For example, if an A-device is referenced directly to the ground, you don't need to connect the unused inputs to the 8th pin, they can be left floating. Tying them up to the 8th pin is done internally (i.e. the gate does not act like a real-life case with floating inputs).

Another one is that behavioural if() expressions introduce discontinuities around the jump and may cause, more often than not, timestep too small errors, or similar. You could use a bi source, instead of a bv, which allows internal parasitics Rpar/Cpar, which give you a time constant which smooths out a bit the sharp transition. The better solution is to use an A-device, which is far superior both in terms of convergence and runtime (the builtin parameters allow for many tweaks).

These said, here is a version of a resettable integrator:

test

A1 and A2 form the integrator, driven by the complementary clocks generated by A4. The tau is neded to allow for smooth rise/fall times whose trigger points for the two S&Hs fall after the trigger point of the input signal. This can be done with setting ref in the S&H, but this way is clearer and also affects both S&Hs at once. A2 receives the output of A1 on its inverting input, so that the output can go back into A1's inverting input, creating the needed positive feedback for an integrator. A3 is a mota (multiplying OTA) that takes care of the reset function (active low). The reset signal should be strictly 0 V or 1 V, since A3 is a multiplier. If the external signal is not with these limits, it can be adjusted by either an A-device gate, or by the u(), or buf() (or inverting inv()) functions.

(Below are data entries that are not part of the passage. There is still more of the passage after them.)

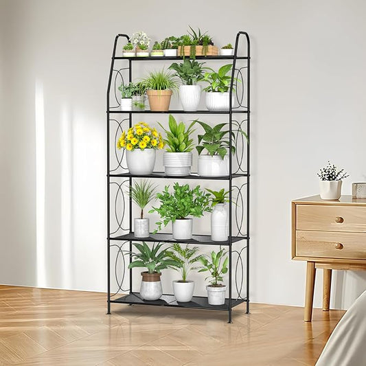 VyGrow 5 Tier Plant Stand Indoor Outdoor, Heavy Duty Plant Shelf, Metal Mesh Tall Plant Stands Holder Rack for Living Room Balcony and Garden, Black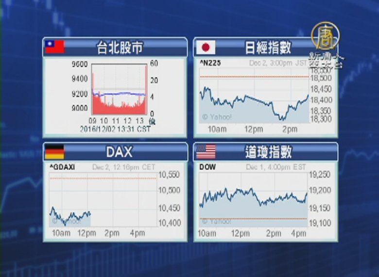 外傳蘋果電腦減少對iPhone7零組件下單,美國科技股指數連續兩天拉回,連帶影響 今天台灣的電子股同步大跌,拖累大盤走弱, 終場收跌74.04點,不僅跌破5日線,更跌破9,200點大關,收在9189.49點,跌幅約0.8%,成交值新台幣747.34億元;。 另外,來看到,美元再度走強,亞幣回貶,新台幣今天以31.923元兌1美元作收,貶值3.1分,匯價連4貶 並創下近一週來新低。 //asset2.ntdtv.com.tw/public/uploads/assets/2016/12/02/2016-12-02-58417476a0693.mp4 台股|下跌|新台幣|美元|匯價|連4貶2016-12-02 21:17:47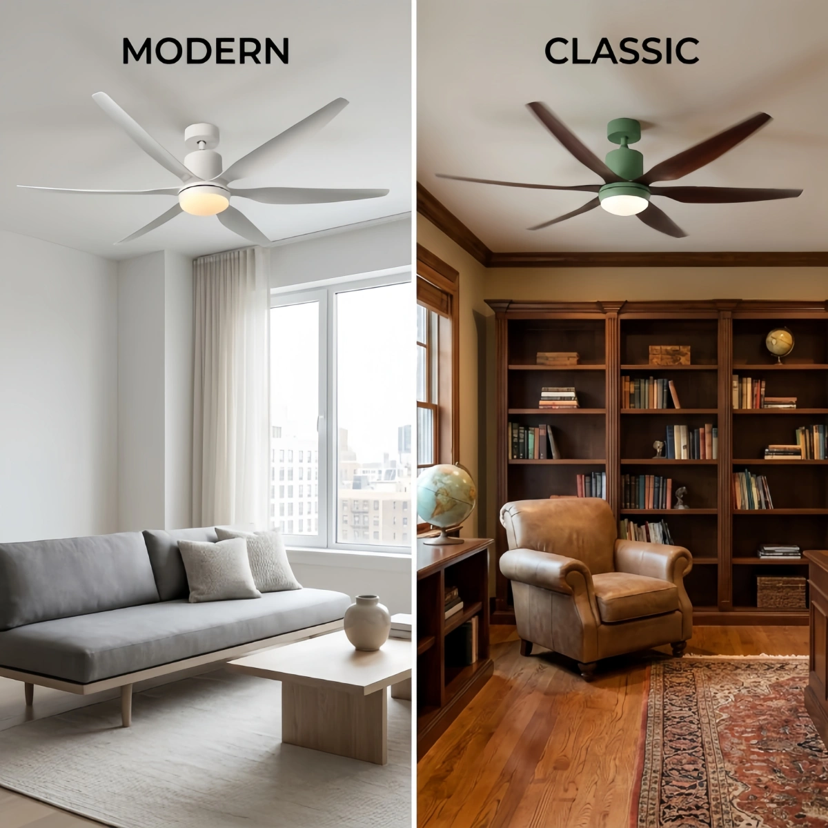 Featuring a clean mid-century silhouette with earthy color options, this fan blends effortlessly into both modern and classic interiors.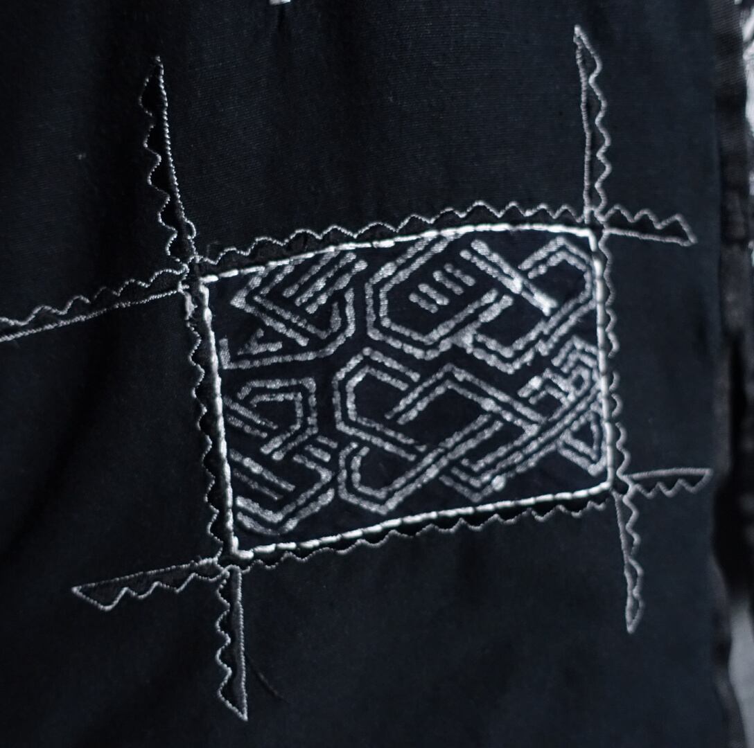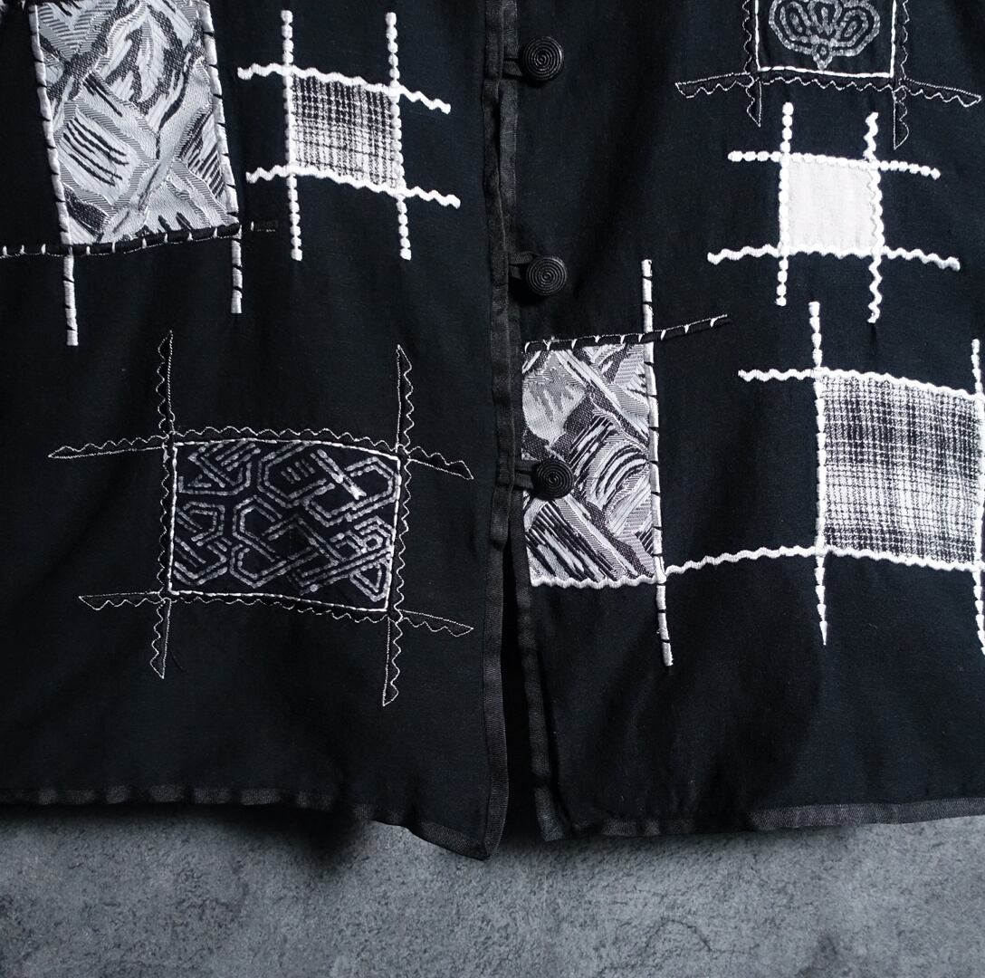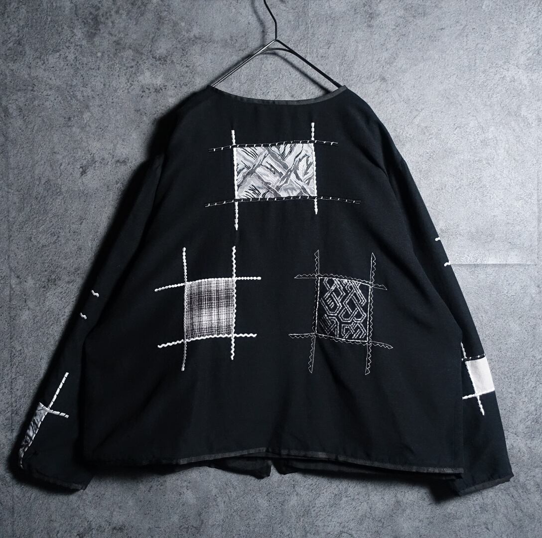 ダマスク、ジャガード織の抽象的な柄、幾何学模様のパッチを施したデザイン。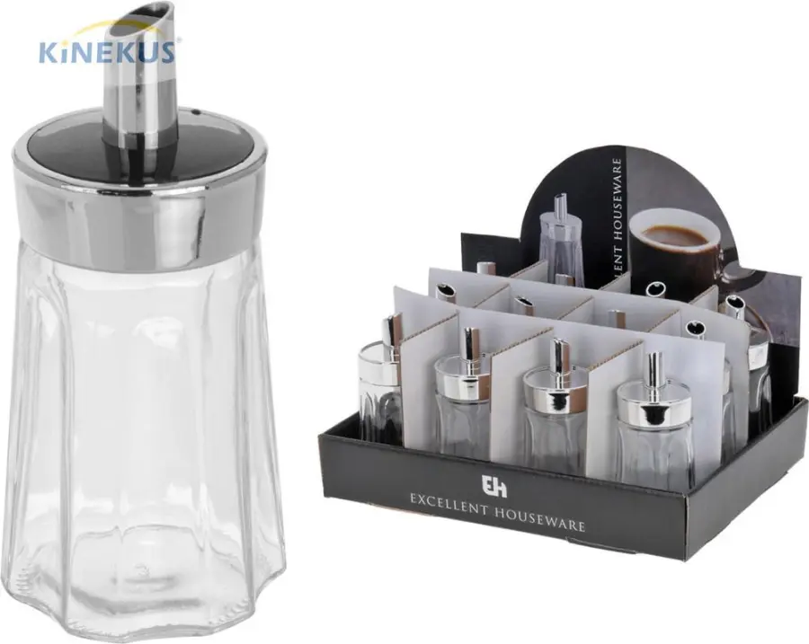 skleněná dávkovací cukřenka, dávkovač a horní okraj cukřenky je z plastu s imitací chromu, výška cukřenky 11 cm, průměr 6,5 cm, je tvarovaná.
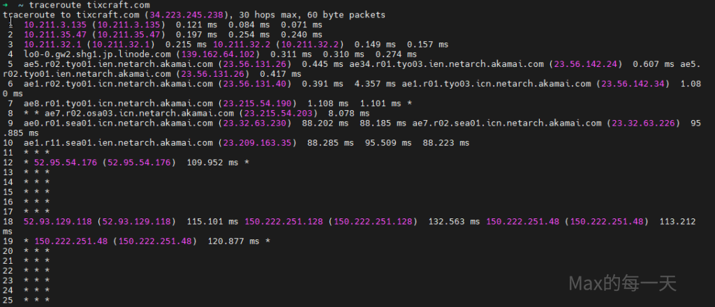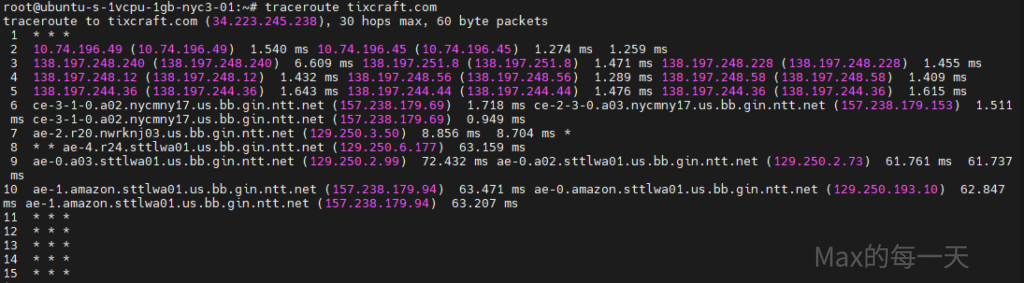 台灣的虛擬主機連到kktix 的速度(traceroute):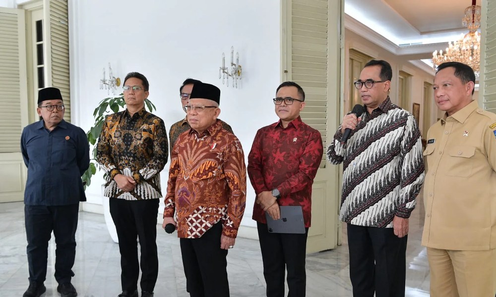 Hadir mendampingi Wapres dalam keterangan pers ini, Menteri Pendayagunaan Aparatur Negara dan Reformasi Birokrasi Abdullah Azwar Anas, Kepala Staf Kepresidenan Moeldoko, Menteri Perhubungan Budi Karya Sumadi, Menteri Kesehatan Budi Gunadi Sadikin, dan Menteri Dalam Negeri Tito Karnavian. (RR/SK-BPMI, Setwapres)
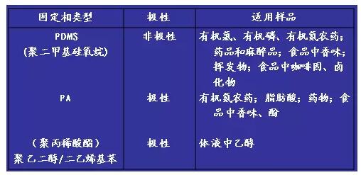 固相微萃取的使用關鍵在于“纖維頭的選擇”,這種情況類似于色譜柱的選擇,主要根據(jù)分析對象的分子量和極性。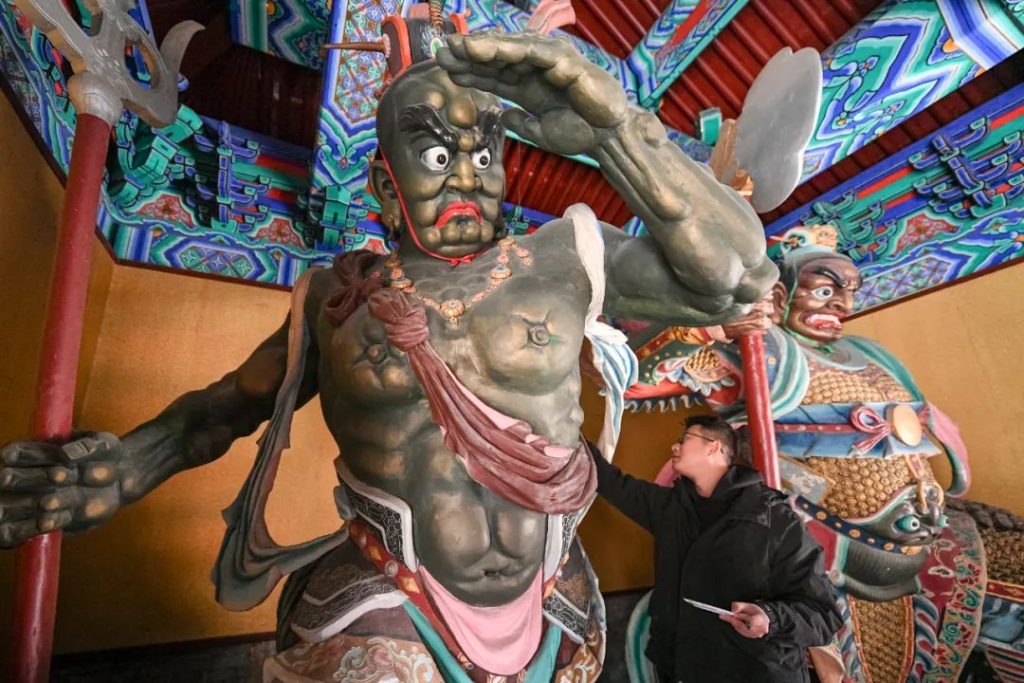 10 декабря, храм Тяньхоу в Тяньцзине: мастера декоративно-прикладного искусства из мастерской национального нематериального культурного наследия «Тяньцзиньские цветные глиняные фигурки Нирэнь Чжан» проводят реставрацию статуй в храме. Недавно храм Тяньхоу начал крупнейшие по масштабу и охвату реставрационные работы с момента своего восстановления и открытия в 1986 году. Работы проводятся по принципу «реставрировать, сохраняя первоначальный облик» и охватывают 46 статуй в 12 залах храма с целью сохранения их исторического колорита и художественной сущности.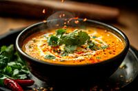 Een dampende, gouden soep vol intense smaken straalt warmte en gezelligheid uit. Verse kruiden en helderrode chilivlokken voegen smakelijke accenten toe. Deze visuele delicatesse is perfect voor in de keuken, waar het de liefde voor koken en het plezier van eten viert.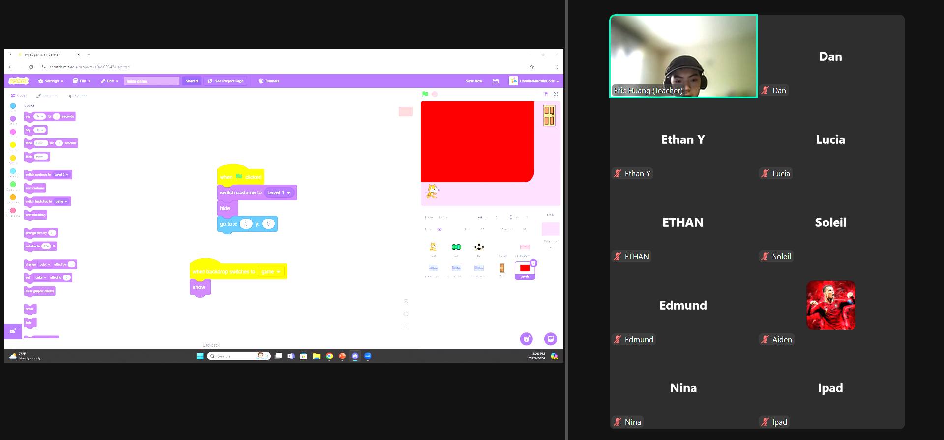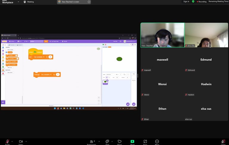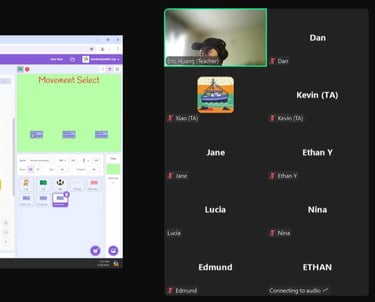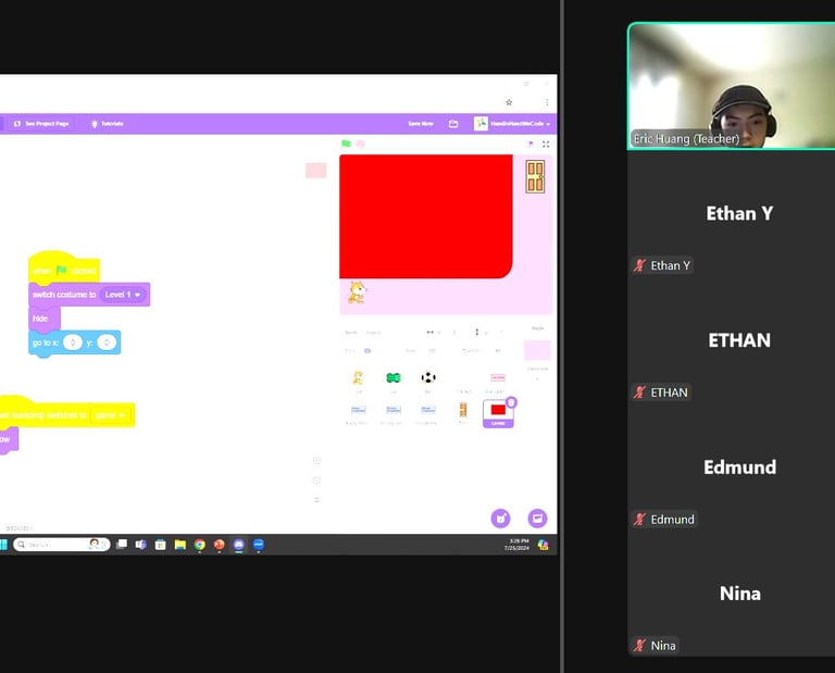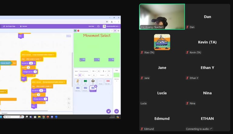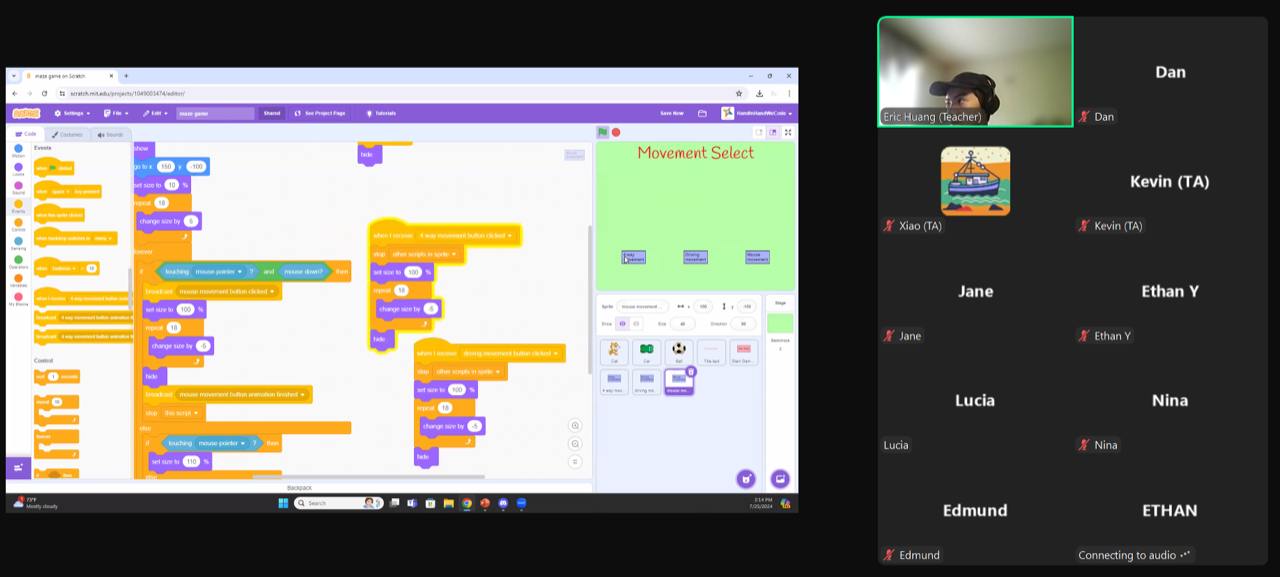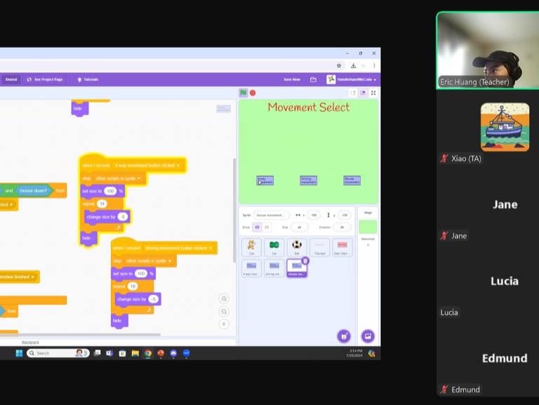 Our Scratch Project Team hosted an online Intermediate Scratch Camp(10 sessions). This program is designed for students who have completed our 2024 Summer Camp or have equivalent basic knowledge of Scratch. Each week, teachers guide students to work on and complete a specific game project. The sessions are independent, allowing students to choose topics that interest them.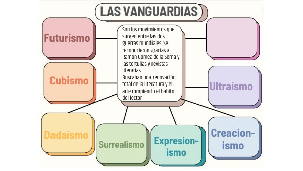 Son los movimientos que surgen entre las dos guerras mundiales. Se reconocieron gracias a Ramón Gómez de la Serna y las tertulias y revistas literarias. Buscaban una renovación total de la literatura y el arte rompiendo el hábito del lector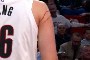 下场后队医给杨瀚森清理下伤口

A few things to notice: LTspice's S&H has a default upper/lower limit of +/-10 V, which don't act as hard limits, rather they attenuate by a factor of 1000 (or so) everything going beyond the limits. This means that a 1001 V input and a limit of vhigh=1 will result in a 2 V output, not 1 V. The 2nd S&H has vlow set, because it's in an inverting configuration. A3 has the linear flag, which makes its output to vary linearly until vhigh/vlow, after which, similar to its S&H cousin (both A-devices), it does not hard-limit the output, rather it attenuates by a factor of around 2 (same link as for the S&H). Lastly, the output starts from 1, since it's considered that a trigger can only come after a pulse, but if this behaviour is not wanted, add a current source of 1 mA at the output, drawing current to the ground. This, combined with the default output resistance for the S&H A-devices of 1 kOhm (an exception to the rest of the A-devices, can be changed by setting rout), creates a -1 V voltage that is subtracted from the output.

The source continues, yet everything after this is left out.